▶ [What to do]: Your response should contain exactly the lines running from the one with "Le gel lavant" to the end of the data below, both included, and no pictures.

[Material for the task — start]

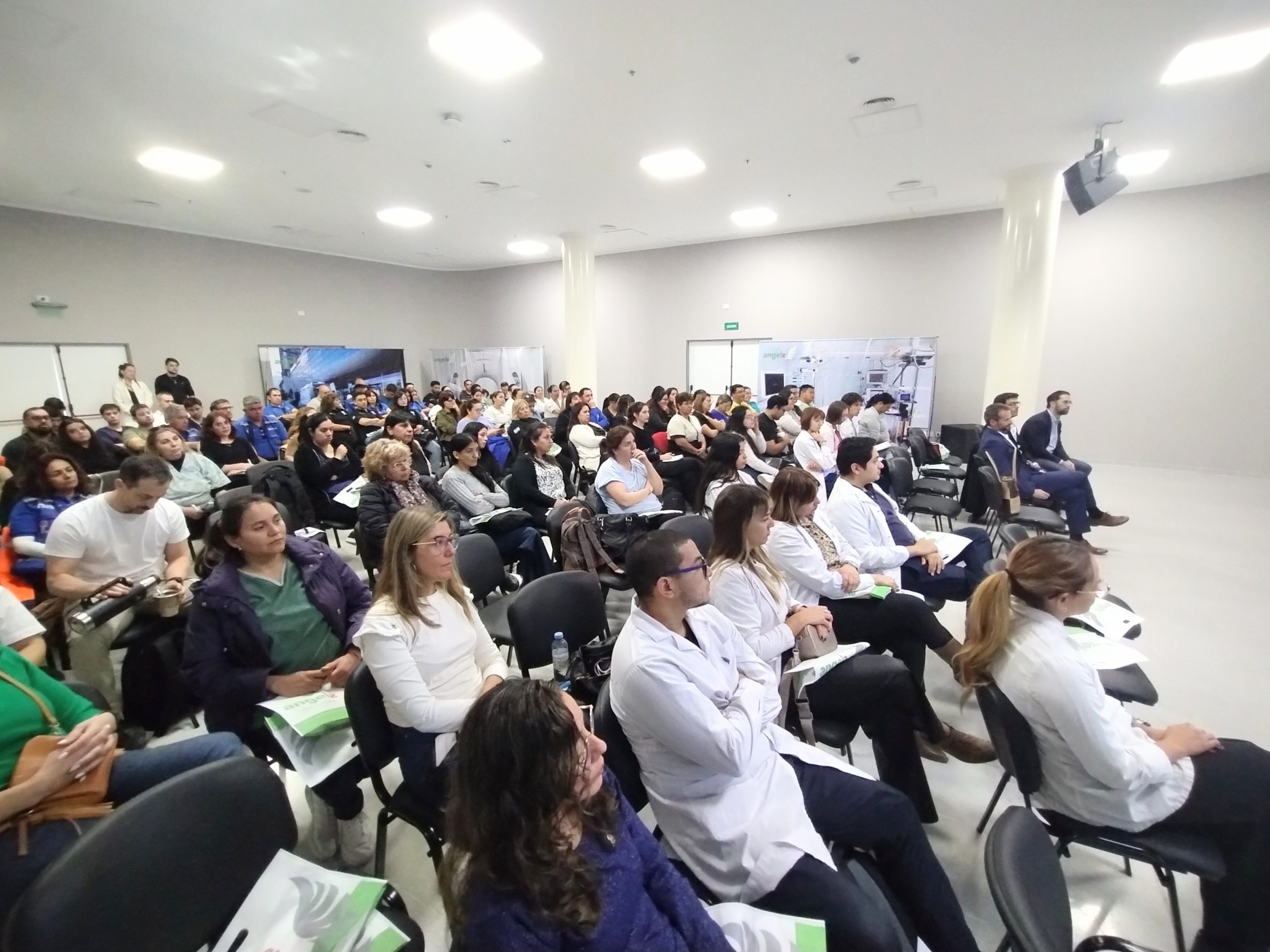 La actividad se desarrolló en el auditorio del hospital bajo la modalidad presencial, congregando a médicos, estudiantes del ciclo clínico (4to, 5to y 6to año de medicina), estudiantes de enfermería, enfermeros y demás personal integrante de los equipos de salud, incluyendo kinesiólogos, técnicos en imágenes, área administrativa y servicios generales.
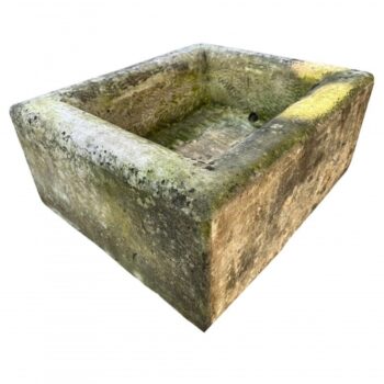 The decades left its marks and a very nice patina that changes with the seasons . This water feature will be the focal point in any landscape design commercial and residential palatial . It is a piece of art , Mounted in a traditional provincial Italian Mediterranean French Spanish context a farm or a winery . Hand crafted Stone basin trough for your Landscape design decor . A Statement piece at the front of your home , imposing Architectural decorative garden elements for your landscape .
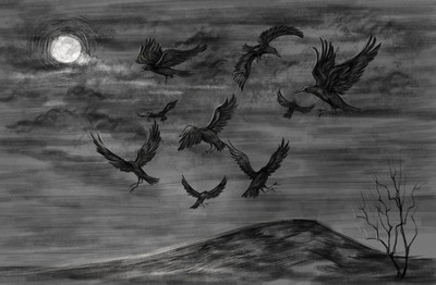 Иллюстрация к рассказу Виталия Кораблёва «Один день из жизни героя» Просматривая в бинокль буквально каждый сантиметр, я увидел, как за возвышенностью, вверх, взметнулась стая воронья, пирующая на остатках, некогда живой, силы противника. Падальщики долго кружились над одним местом, посылая своим карканьем проклятия на тех, кто им помешал трапезничать. Вот тут я и понял, что именно за этим бугром сосредоточен боевой кулак врага. Долго не думая, я доложил командиру о своем предположении, и скоро наши грады просто смели весь плацдарм подготовленного противником наступления. Враг был разбит, а мы смогли занять более выгодные позиции и, наконец-то, отдохнуть.
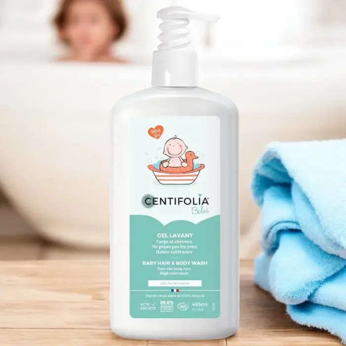 Le gel lavant bébé Bio de la marque Centifolia nettoie en douceur la peau et les cheveux de bébé sans les assécher.
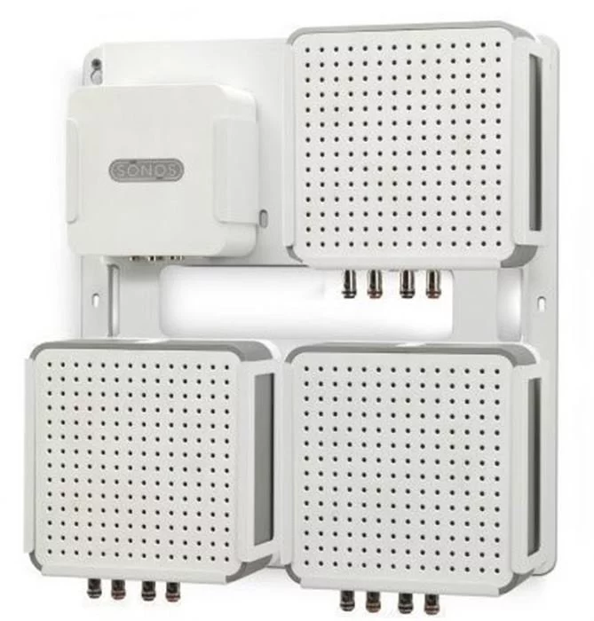 Eine praktische Möglichkeit um 4x SONOS CONNECT:AMP an die Wand zu hängen. Ideal für große SONOS Installationen. Elemente sind austauschbar und können ggfs. gegen eine BOOST, CONNECT oder APPLE TV ausgetauscht werden – diese Halterungen sind Optional zu bestellen.
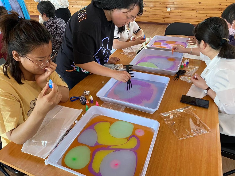 水拓画丝巾 非遗指尖承——龙湾屯镇文化惠民志愿服务队开展水拓丝巾活动
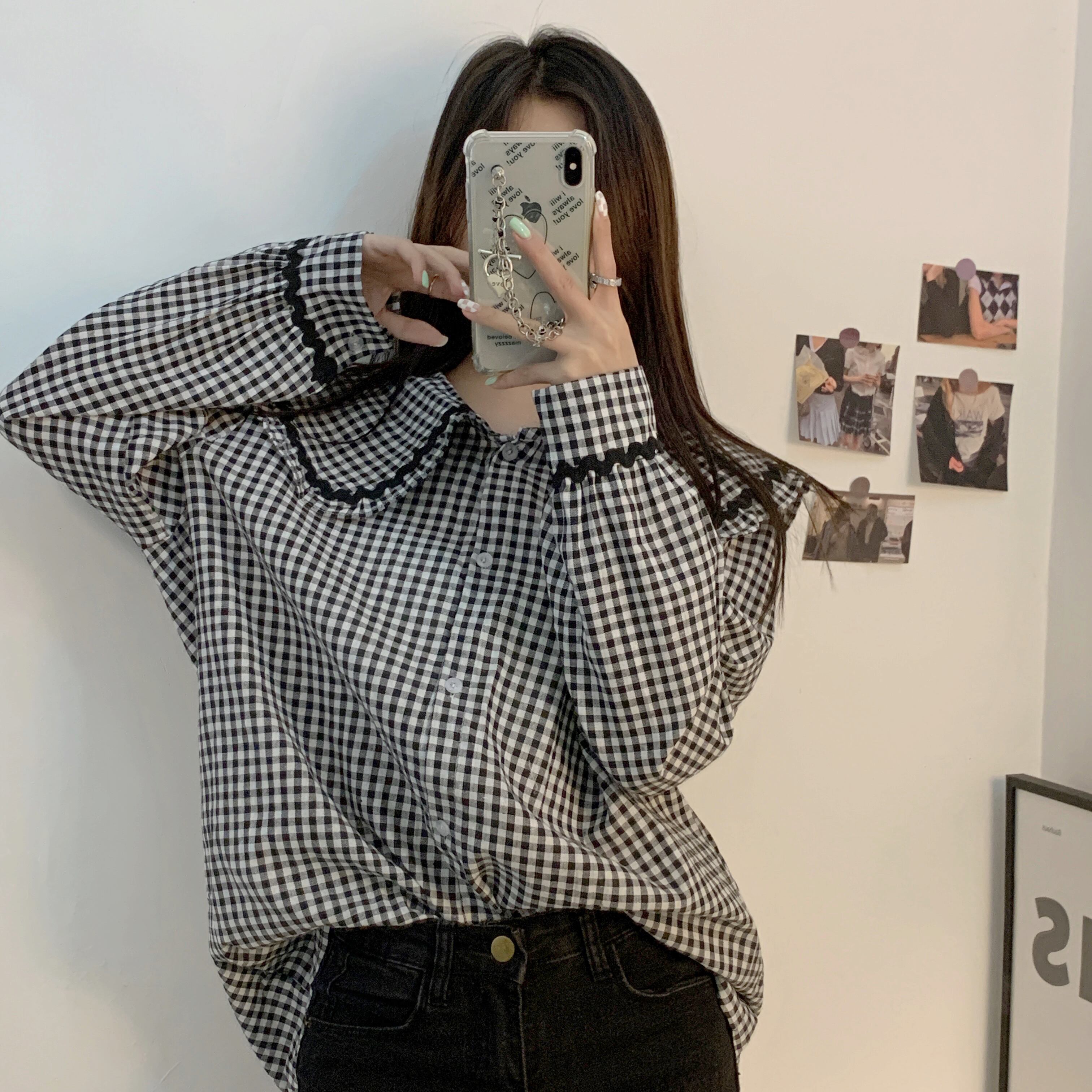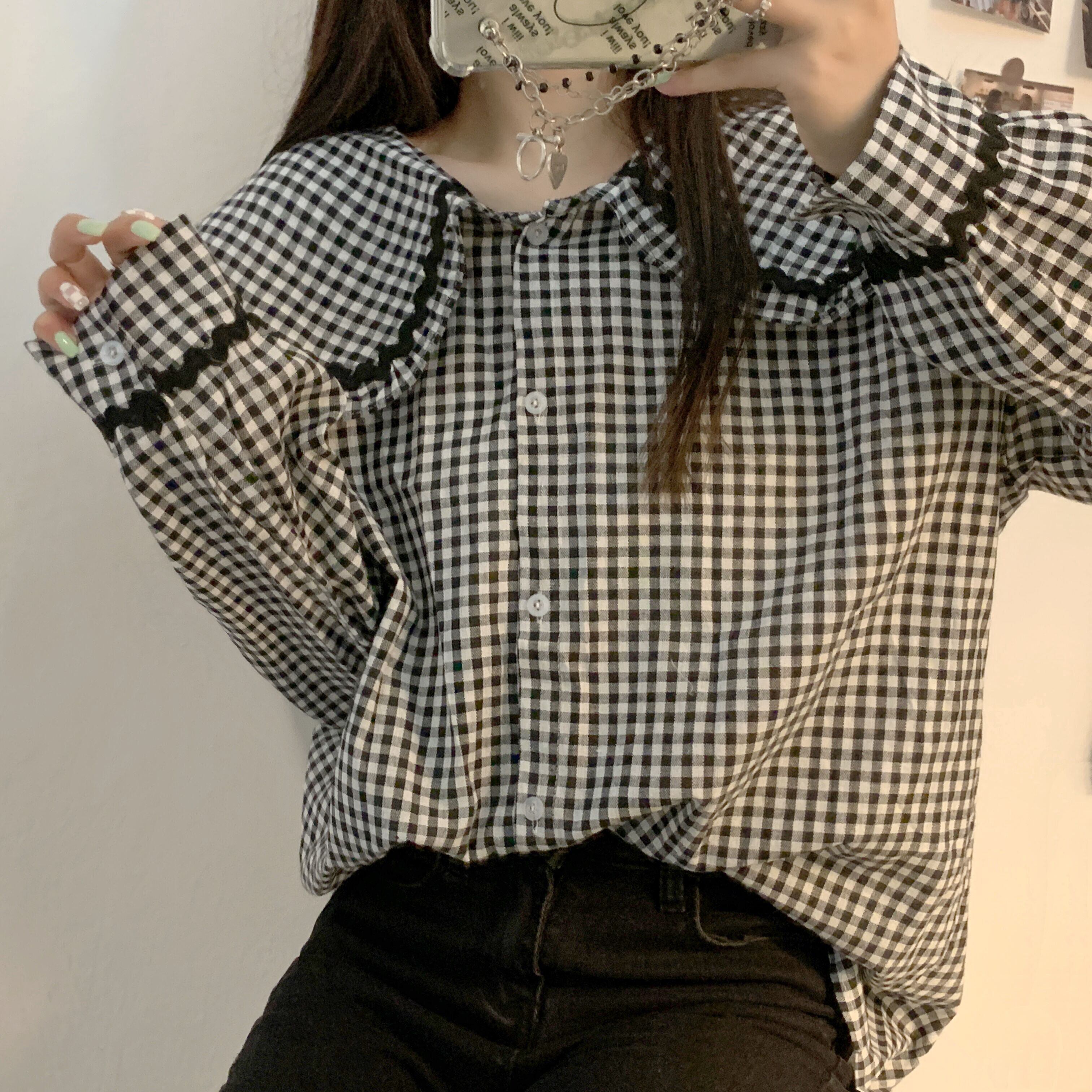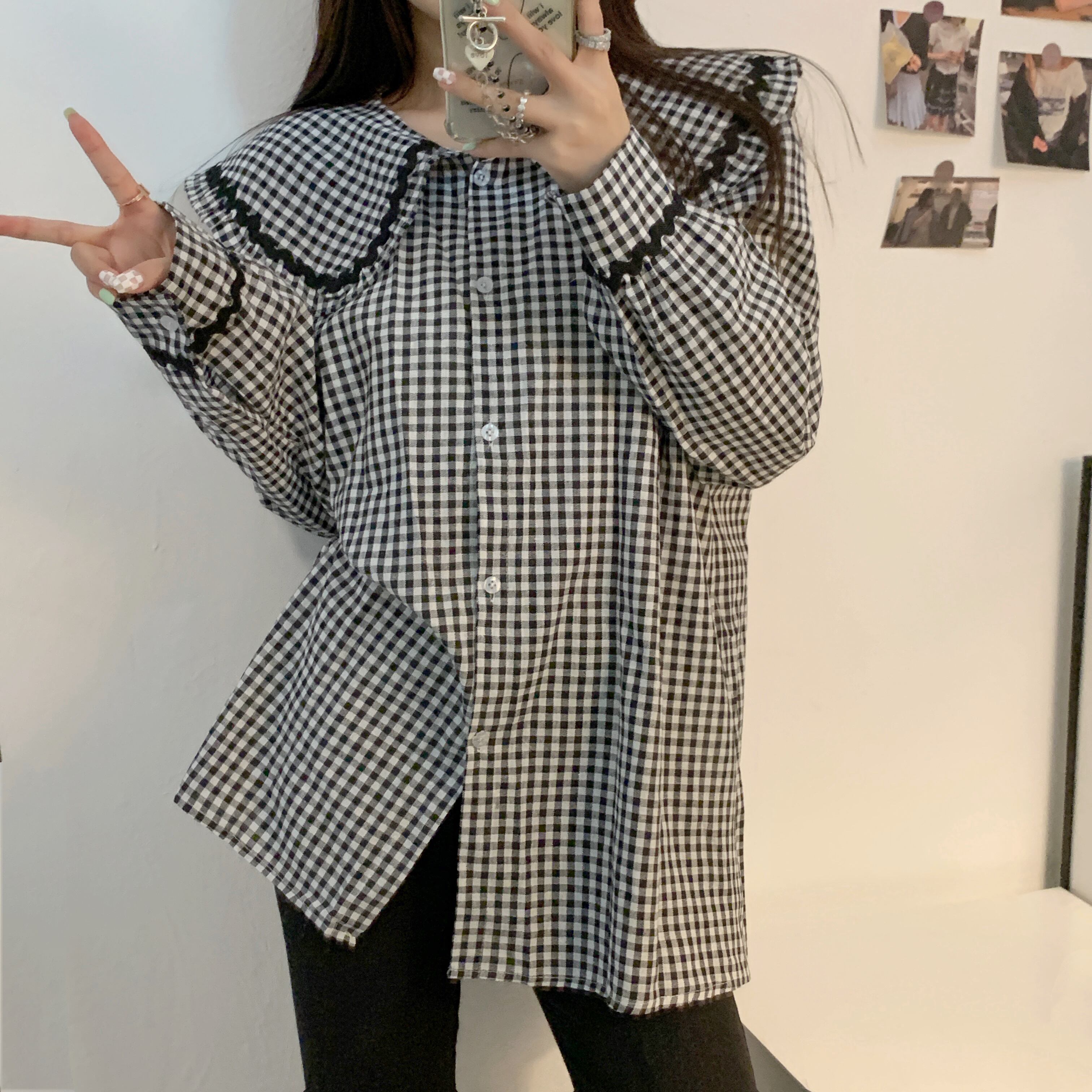 サマーラッフルカラー格子柄ソリッド 長袖スリーブルーズシャツ トップス ロング 夏物 ソリッドカラー YY-ファッション81118761682
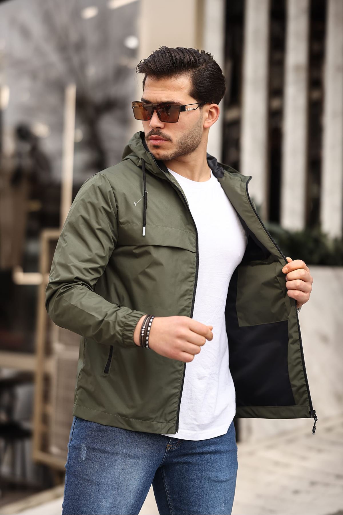Erkek Içi Astarlı Suya Dayanıklı Kapüşonlu Cepli Yağmurluk HAKİ

[Material for the task — finish]

▶ [Solution for this task]:
 Le gel lavant bébé Bio de la marque Centifolia nettoie en douceur la peau et les cheveux de bébé sans les assécher.
 Eine praktische Möglichkeit um 4x SONOS CONNECT:AMP an die Wand zu hängen. Ideal für große SONOS Installationen. Elemente sind austauschbar und können ggfs. gegen eine BOOST, CONNECT oder APPLE TV ausgetauscht werden – diese Halterungen sind Optional zu bestellen.
 水拓画丝巾 非遗指尖承——龙湾屯镇文化惠民志愿服务队开展水拓丝巾活动
 サマーラッフルカラー格子柄ソリッド 長袖スリーブルーズシャツ トップス ロング 夏物 ソリッドカラー YY-ファッション81118761682
Erkek Içi Astarlı Suya Dayanıklı Kapüşonlu Cepli Yağmurluk HAKİ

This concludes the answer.